The NEC at its meeting presided over by the Vice-President Yemi Osinbajo at the Presidential Villa, Abuja, received the final report of the forensic audit of the agencies conducted by the international firm, KPMG and observed that eighteen agencies did not remit the appropriate money to the nation’s treasury.
Other agencies to refund the money include Federal Inland Revenue Service, FIRS, Nigerian Maritime Administration and Safety Agency, NIMASA, Nigerian Communications Commission, NCC, Central Bank of Nigeria, CBN, Department of Petroleum Resources, DPR, among several.
Briefing State House correspondents after the NEC meeting at the Council Chambers, State House, the Gombe State Governor, Ibrahim Dankwanbo, who also chaired the NEC’s ad-hoc technical committee on the probe, said the Council adopted the report and resolved to refer those found culpable in the underpayments to the Attorney-General of the Federation for prosecution.
According to him: “KPMG presented the report of the technical audit of RGAs concluding that a total sum of N526 billion and USD$21 billion was under-paid to the Federation Account.

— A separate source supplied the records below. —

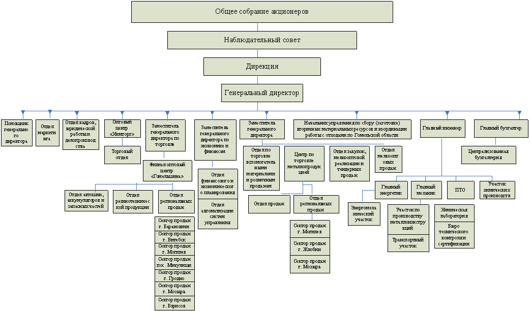 Органами управления общества являются: · общее собрание акционеров; · наблюдательный совет; · исполнительные органы (дирекция и генеральный директор). Контрольным органом общества является ревизионная комиссия. Общее собрание акционеров является высшим органом управления общества. Общее руководство деятельностью общества в период между общими собраниями акционеров осуществляет наблюдательный совет. Исполнительные органы подотчетны общему собранию акционеров и наблюдательному совету и организуют выполнение решений этих органов. ОАО «ГОМЕЛЬХИМТОРГ» имеет организационную структуру, представленную на рисунке 2.2.
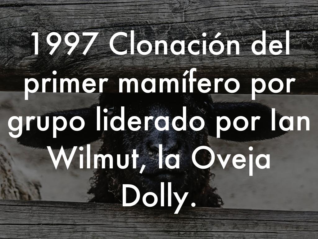 1997 Clonación del primer mamífero por grupo liderado por Ian Wilmut, la Oveja Dolly.
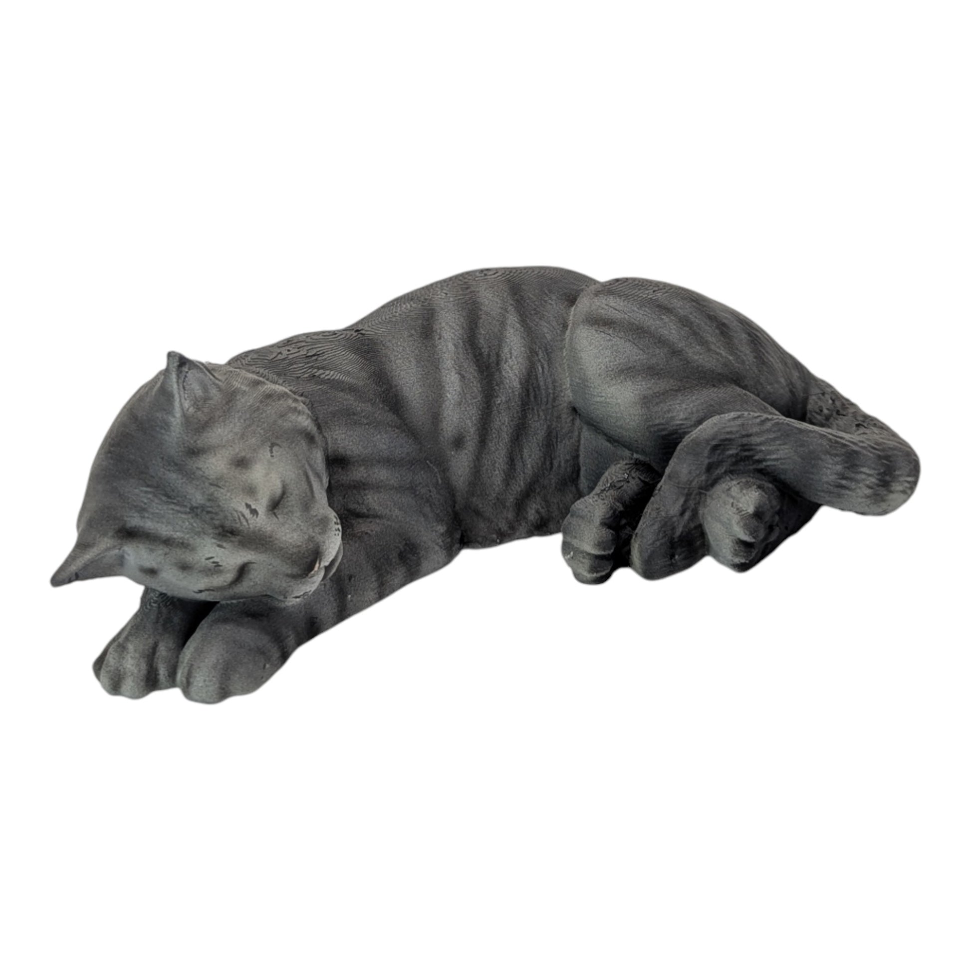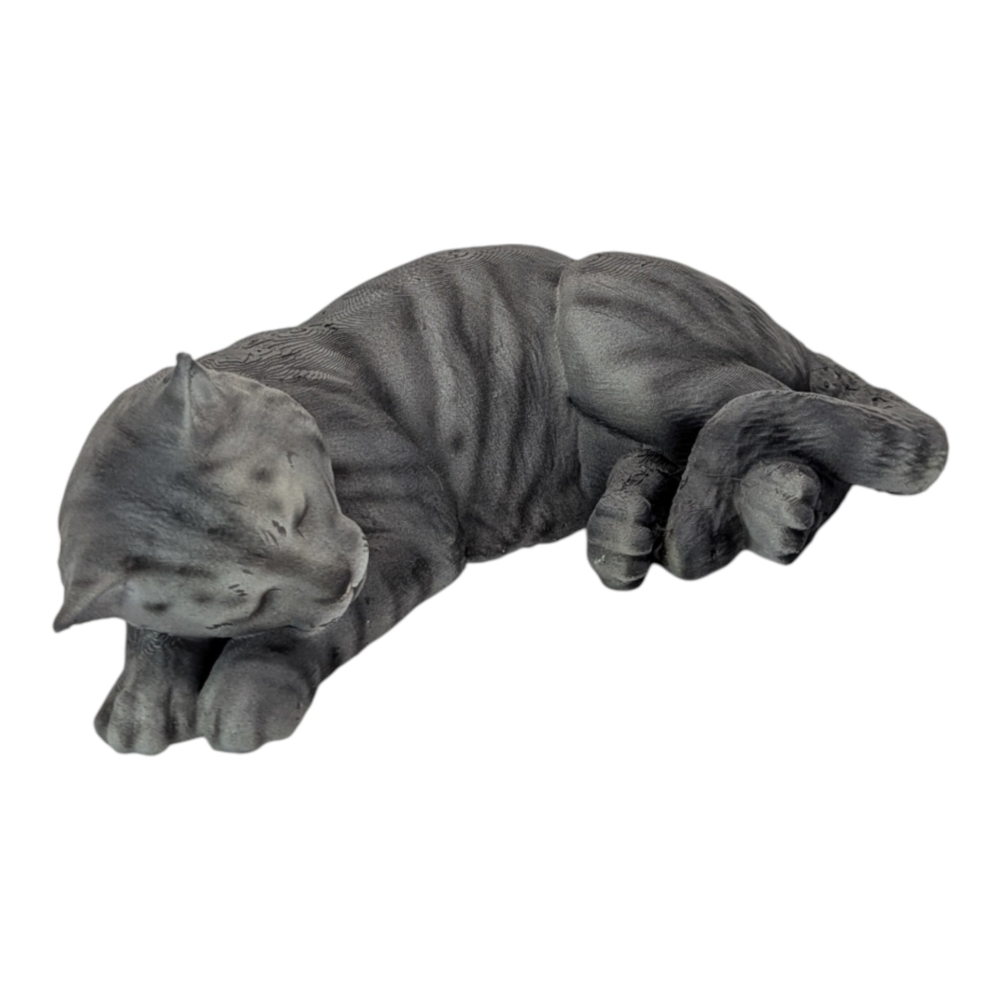"Steel" was our very first test of the peaceful, sleeping cat pose, a design that would later become our 'Luna' model. This piece was an early canvas for our artists to test a unique, cool-toned gray paint scheme, which instantly earned him the name 'Steel.' As an early test piece, he's not 'perfect'—but he is one-of-a-kind. He has visible 3D print lines and an early test paint job that our artists used to perfect their process. These "perfect imperfections" are the marks of a true studio original, and they're what make him a unique part of our story.

“Council adopted the presentations and reports of the KPMG and the recommendations of its Ad-hoc Committee including a resolution to identify instances where there appears to have been criminal infringements and forward such to the Attorney-General of the Federation and the Legal Committee of the National Economic Council for further action.

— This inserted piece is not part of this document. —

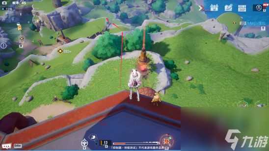 传送到班吉斯农场,我们往南走到遗迹B-03周围,接着用喷气上到左边山丘,之后往南走,我们走到一处平坦的草地处,再走到下面一层平坦草地,往断桥走即可看到该风景点。
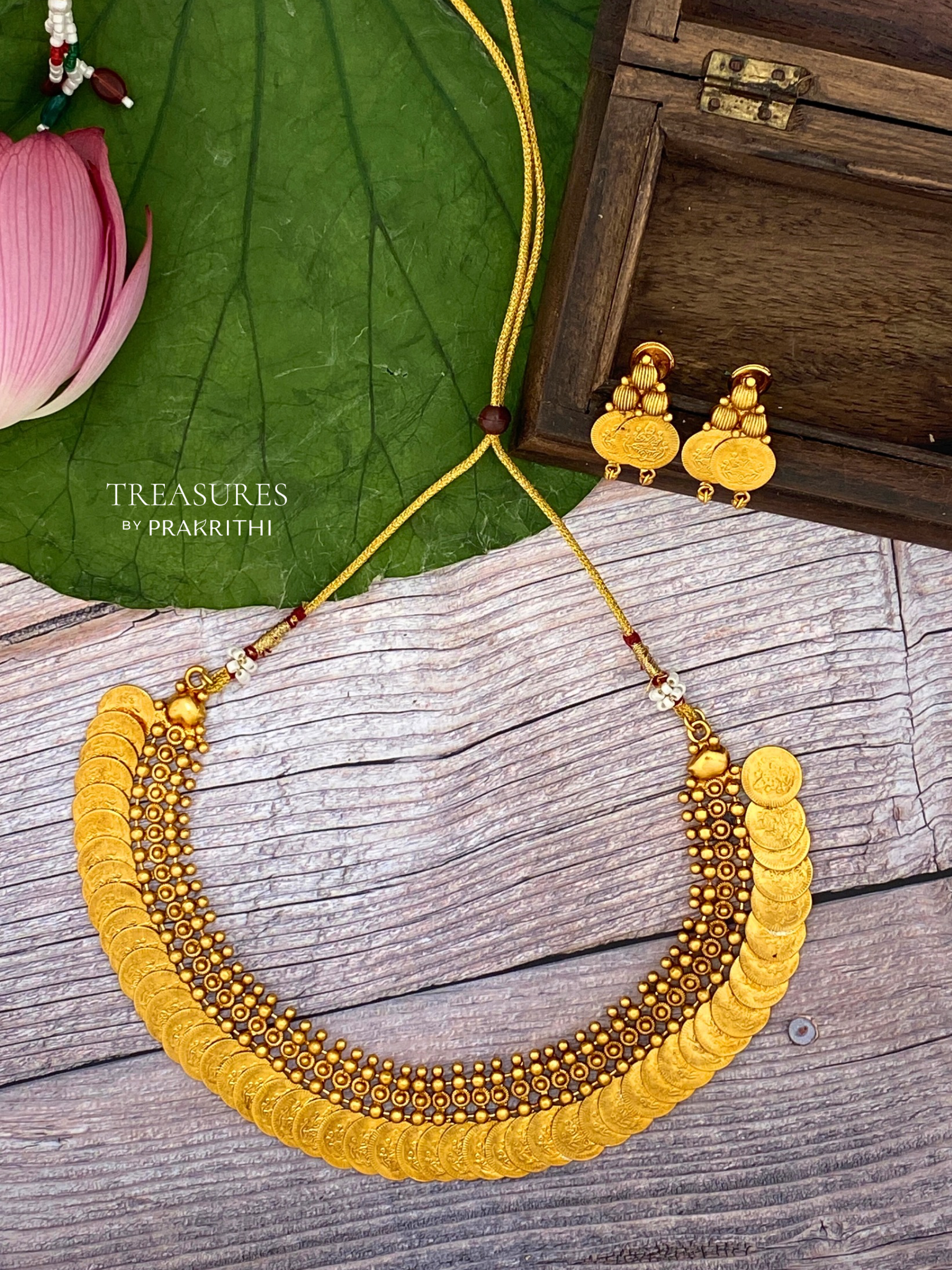 Traditional coin necklace paired with matching stud earrings, featuring intricate motifs and timeless antique detailing — a perfect blend of heritage and elegance.

“Council resolved to pursue strengthening of the NNPC governance structure to prevent further recurrence of such gross under-remittance by the NNPC and other RGAs.”
The Ad-hoc Committee, which also has other members as Governors of Edo, Kaduna, Akwa Ibom, and Lagos States as well as the Finance Minister, further recommended a refund of the amounts under-paid by the defaulting agencies.
Dankwanbo added that “one of the resolutions of NEC today is to extend the audit to June 2017. So the audit will continue for the remaining agencies: NNOC, NPDC, DPR, Customs, Federal Internal Revenue Services, NPA, Maritime Authorities, all the revenue generating agencies and the details of the infringement are contained in the report.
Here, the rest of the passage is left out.